> [Problem description]
In the material below, the lines from the one containing "It has build-in" through the one containing "dann kann er" are to be given again exactly, ends included, and no others.

> [Information supplied]
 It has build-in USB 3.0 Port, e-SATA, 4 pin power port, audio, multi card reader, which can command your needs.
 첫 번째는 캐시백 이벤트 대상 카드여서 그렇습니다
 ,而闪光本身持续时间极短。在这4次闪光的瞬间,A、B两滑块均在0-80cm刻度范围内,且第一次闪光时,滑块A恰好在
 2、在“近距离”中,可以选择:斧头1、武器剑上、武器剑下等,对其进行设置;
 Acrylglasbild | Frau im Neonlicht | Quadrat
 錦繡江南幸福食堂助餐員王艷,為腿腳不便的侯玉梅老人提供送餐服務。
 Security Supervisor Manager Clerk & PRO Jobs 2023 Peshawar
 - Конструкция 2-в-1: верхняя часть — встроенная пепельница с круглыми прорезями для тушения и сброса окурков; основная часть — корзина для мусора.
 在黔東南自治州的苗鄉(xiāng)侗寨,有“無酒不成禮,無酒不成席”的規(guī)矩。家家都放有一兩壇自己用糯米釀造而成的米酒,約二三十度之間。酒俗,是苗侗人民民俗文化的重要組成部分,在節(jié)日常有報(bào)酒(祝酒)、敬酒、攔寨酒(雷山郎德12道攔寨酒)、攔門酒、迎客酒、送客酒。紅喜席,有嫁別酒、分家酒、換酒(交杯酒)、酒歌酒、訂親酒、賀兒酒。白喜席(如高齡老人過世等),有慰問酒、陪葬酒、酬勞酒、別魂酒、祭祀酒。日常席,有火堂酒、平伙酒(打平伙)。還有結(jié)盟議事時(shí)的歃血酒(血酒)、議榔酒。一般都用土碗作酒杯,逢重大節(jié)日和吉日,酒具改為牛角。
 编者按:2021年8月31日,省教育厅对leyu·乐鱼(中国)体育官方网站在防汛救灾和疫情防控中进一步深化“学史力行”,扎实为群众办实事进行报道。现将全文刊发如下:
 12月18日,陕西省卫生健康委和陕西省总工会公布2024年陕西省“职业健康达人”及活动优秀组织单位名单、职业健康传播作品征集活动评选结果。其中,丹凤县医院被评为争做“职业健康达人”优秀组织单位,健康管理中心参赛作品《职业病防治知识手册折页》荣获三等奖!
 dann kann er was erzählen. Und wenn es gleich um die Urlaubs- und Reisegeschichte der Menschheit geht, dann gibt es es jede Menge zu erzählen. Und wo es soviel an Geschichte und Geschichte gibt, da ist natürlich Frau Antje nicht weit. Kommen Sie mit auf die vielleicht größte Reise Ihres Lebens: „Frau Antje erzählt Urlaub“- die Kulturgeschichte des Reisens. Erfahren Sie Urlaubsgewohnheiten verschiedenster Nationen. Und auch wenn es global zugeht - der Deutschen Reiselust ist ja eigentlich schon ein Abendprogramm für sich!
--
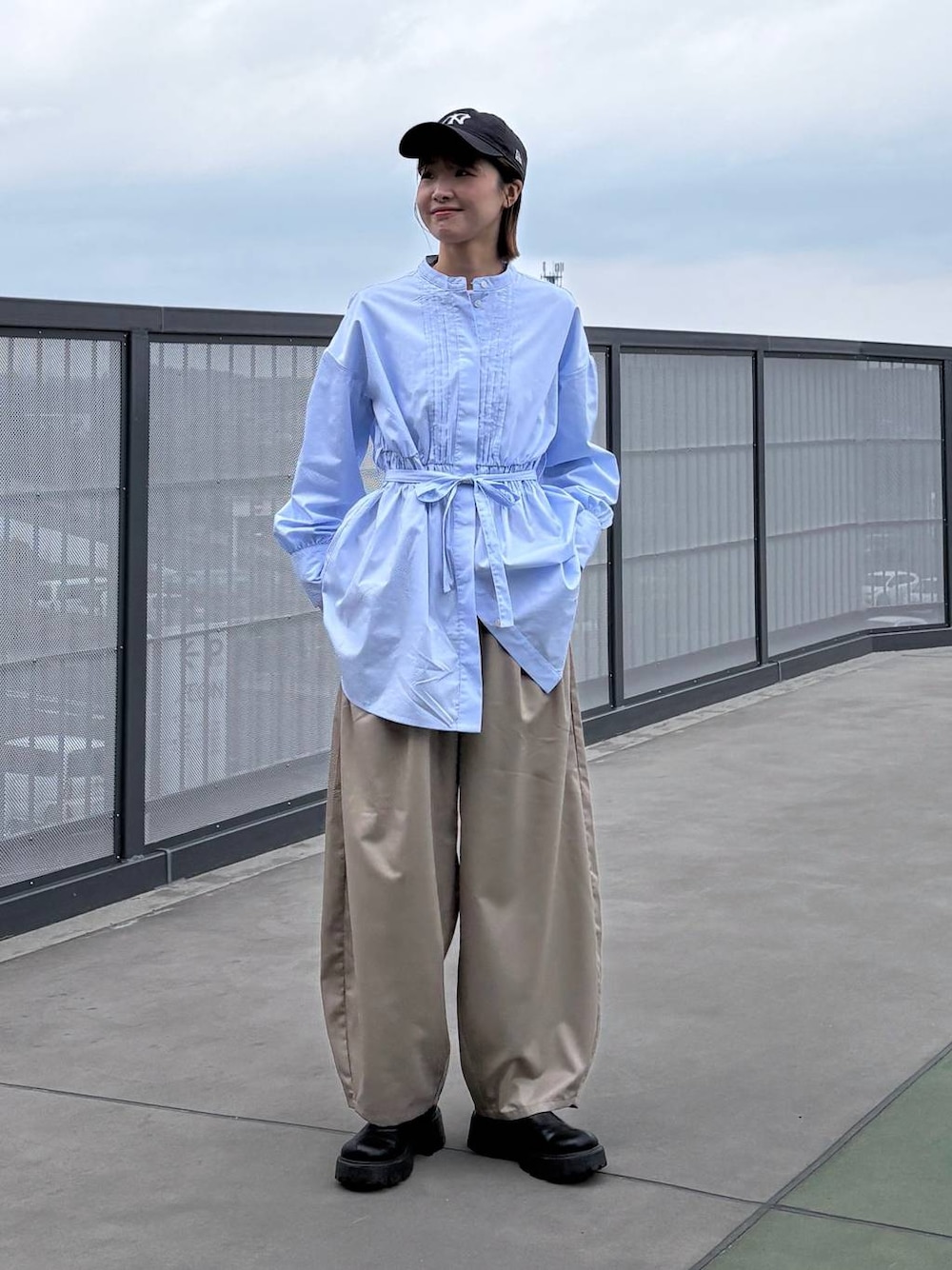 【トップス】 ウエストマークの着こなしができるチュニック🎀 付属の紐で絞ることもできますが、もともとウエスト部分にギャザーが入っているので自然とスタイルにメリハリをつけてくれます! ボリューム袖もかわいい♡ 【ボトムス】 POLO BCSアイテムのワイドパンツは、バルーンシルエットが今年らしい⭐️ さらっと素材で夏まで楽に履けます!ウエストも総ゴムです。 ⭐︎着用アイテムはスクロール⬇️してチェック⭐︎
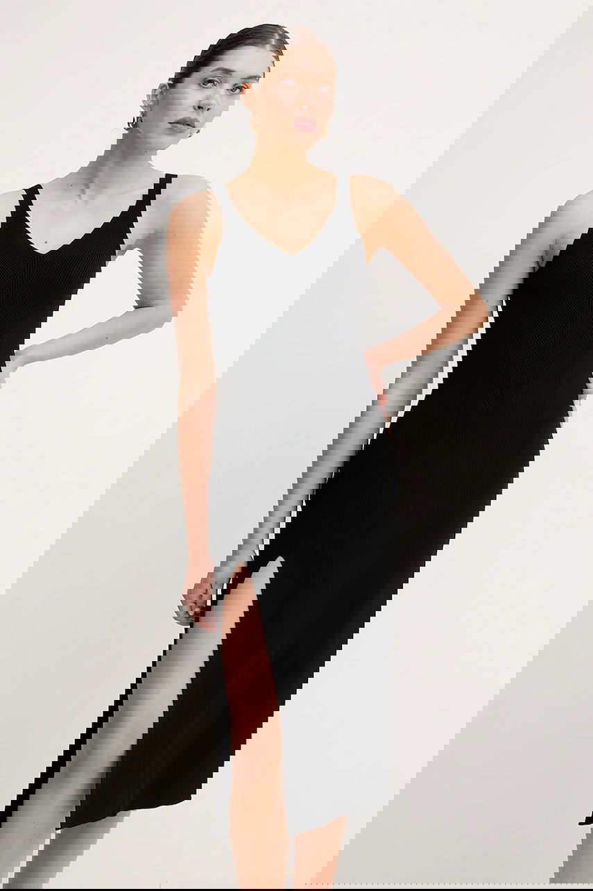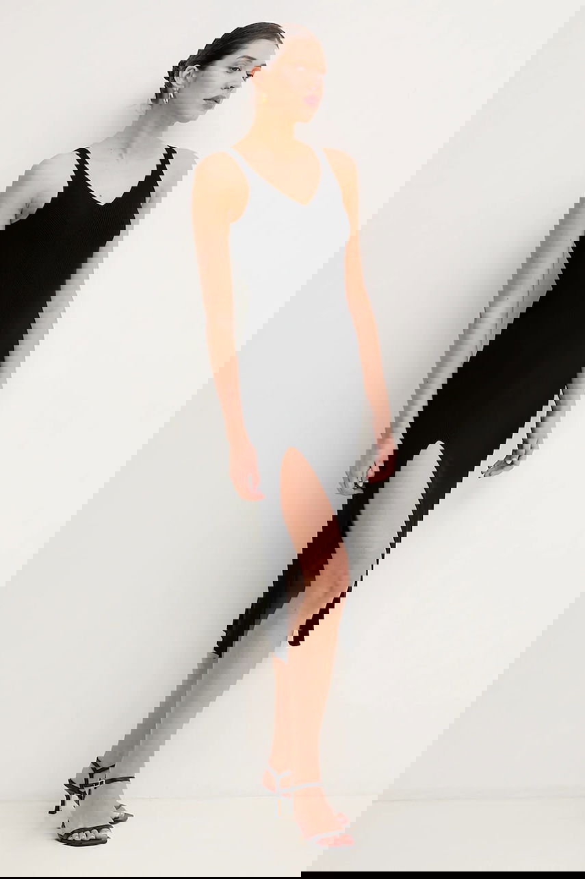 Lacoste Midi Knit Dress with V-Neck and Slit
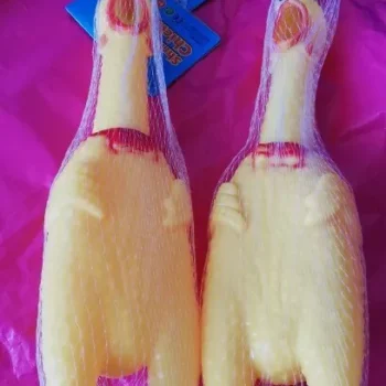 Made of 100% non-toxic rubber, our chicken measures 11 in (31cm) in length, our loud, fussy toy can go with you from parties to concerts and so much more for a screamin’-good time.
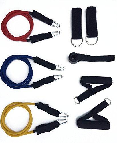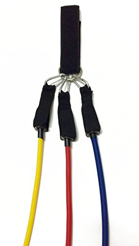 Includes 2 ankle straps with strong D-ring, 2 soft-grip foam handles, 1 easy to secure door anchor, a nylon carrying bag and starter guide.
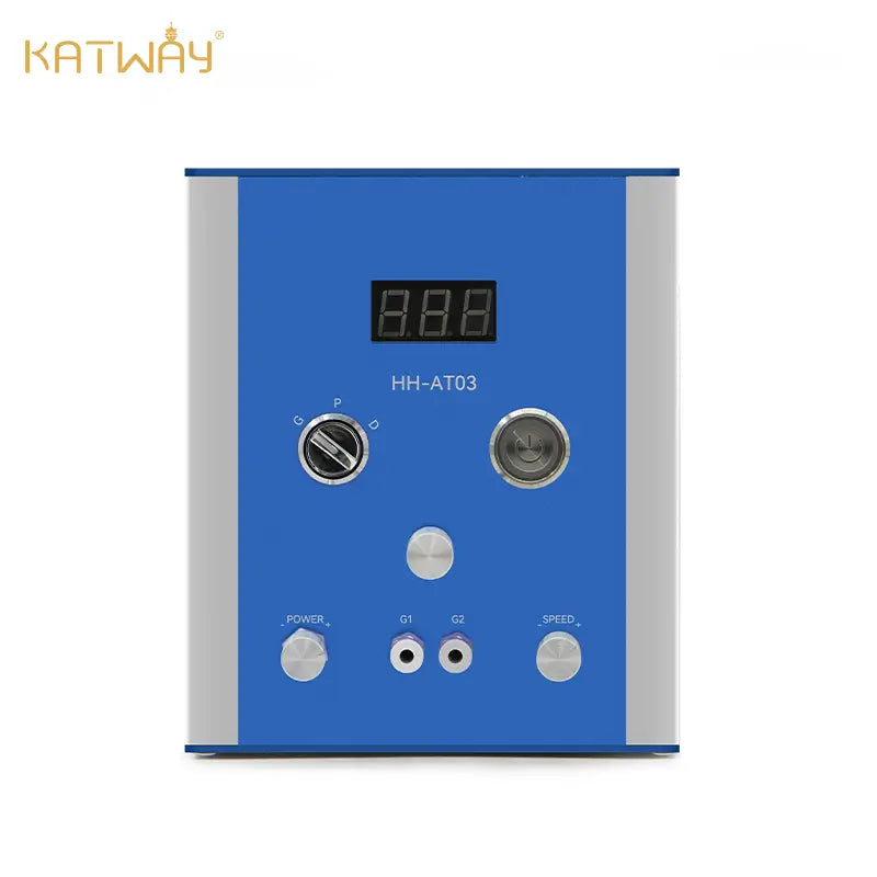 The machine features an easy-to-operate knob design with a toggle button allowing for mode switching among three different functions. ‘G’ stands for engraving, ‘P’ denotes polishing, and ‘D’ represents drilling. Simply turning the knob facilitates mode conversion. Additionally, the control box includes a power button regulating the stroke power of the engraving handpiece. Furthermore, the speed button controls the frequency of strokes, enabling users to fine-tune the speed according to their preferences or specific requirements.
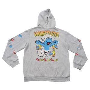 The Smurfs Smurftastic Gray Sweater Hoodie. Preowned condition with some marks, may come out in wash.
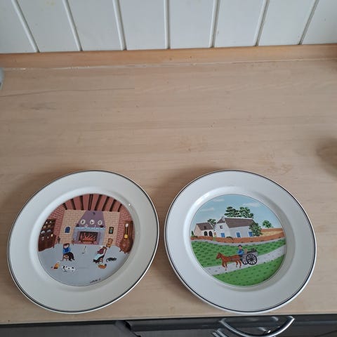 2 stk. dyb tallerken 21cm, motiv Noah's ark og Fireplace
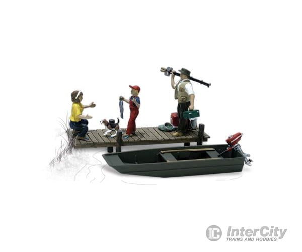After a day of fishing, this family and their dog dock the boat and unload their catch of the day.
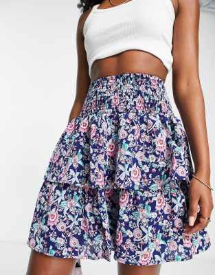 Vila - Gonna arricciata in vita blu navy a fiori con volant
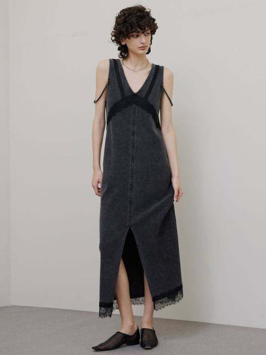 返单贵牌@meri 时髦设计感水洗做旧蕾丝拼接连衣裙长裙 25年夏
---
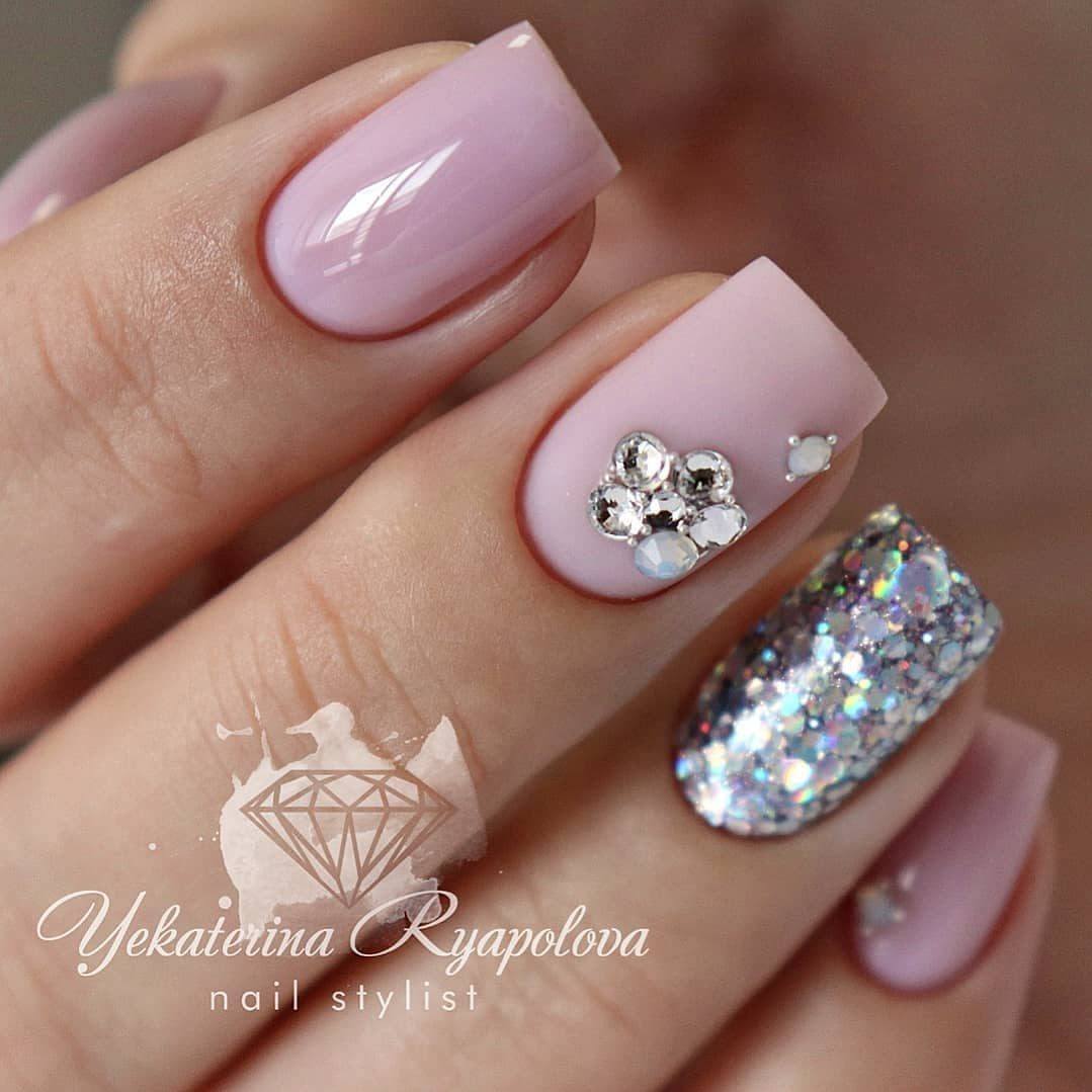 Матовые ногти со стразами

> [Completed task]
 It has build-in USB 3.0 Port, e-SATA, 4 pin power port, audio, multi card reader, which can command your needs.
 첫 번째는 캐시백 이벤트 대상 카드여서 그렇습니다
 ,而闪光本身持续时间极短。在这4次闪光的瞬间,A、B两滑块均在0-80cm刻度范围内,且第一次闪光时,滑块A恰好在
 2、在“近距离”中,可以选择:斧头1、武器剑上、武器剑下等,对其进行设置;
 Acrylglasbild | Frau im Neonlicht | Quadrat
 錦繡江南幸福食堂助餐員王艷,為腿腳不便的侯玉梅老人提供送餐服務。
 Security Supervisor Manager Clerk & PRO Jobs 2023 Peshawar
 - Конструкция 2-в-1: верхняя часть — встроенная пепельница с круглыми прорезями для тушения и сброса окурков; основная часть — корзина для мусора.
 在黔東南自治州的苗鄉(xiāng)侗寨,有“無酒不成禮,無酒不成席”的規(guī)矩。家家都放有一兩壇自己用糯米釀造而成的米酒,約二三十度之間。酒俗,是苗侗人民民俗文化的重要組成部分,在節(jié)日常有報(bào)酒(祝酒)、敬酒、攔寨酒(雷山郎德12道攔寨酒)、攔門酒、迎客酒、送客酒。紅喜席,有嫁別酒、分家酒、換酒(交杯酒)、酒歌酒、訂親酒、賀兒酒。白喜席(如高齡老人過世等),有慰問酒、陪葬酒、酬勞酒、別魂酒、祭祀酒。日常席,有火堂酒、平伙酒(打平伙)。還有結(jié)盟議事時(shí)的歃血酒(血酒)、議榔酒。一般都用土碗作酒杯,逢重大節(jié)日和吉日,酒具改為牛角。
 编者按:2021年8月31日,省教育厅对leyu·乐鱼(中国)体育官方网站在防汛救灾和疫情防控中进一步深化“学史力行”,扎实为群众办实事进行报道。现将全文刊发如下:
 12月18日,陕西省卫生健康委和陕西省总工会公布2024年陕西省“职业健康达人”及活动优秀组织单位名单、职业健康传播作品征集活动评选结果。其中,丹凤县医院被评为争做“职业健康达人”优秀组织单位,健康管理中心参赛作品《职业病防治知识手册折页》荣获三等奖!
 dann kann er was erzählen. Und wenn es gleich um die Urlaubs- und Reisegeschichte der Menschheit geht, dann gibt es es jede Menge zu erzählen. Und wo es soviel an Geschichte und Geschichte gibt, da ist natürlich Frau Antje nicht weit. Kommen Sie mit auf die vielleicht größte Reise Ihres Lebens: „Frau Antje erzählt Urlaub“- die Kulturgeschichte des Reisens. Erfahren Sie Urlaubsgewohnheiten verschiedenster Nationen. Und auch wenn es global zugeht - der Deutschen Reiselust ist ja eigentlich schon ein Abendprogramm für sich!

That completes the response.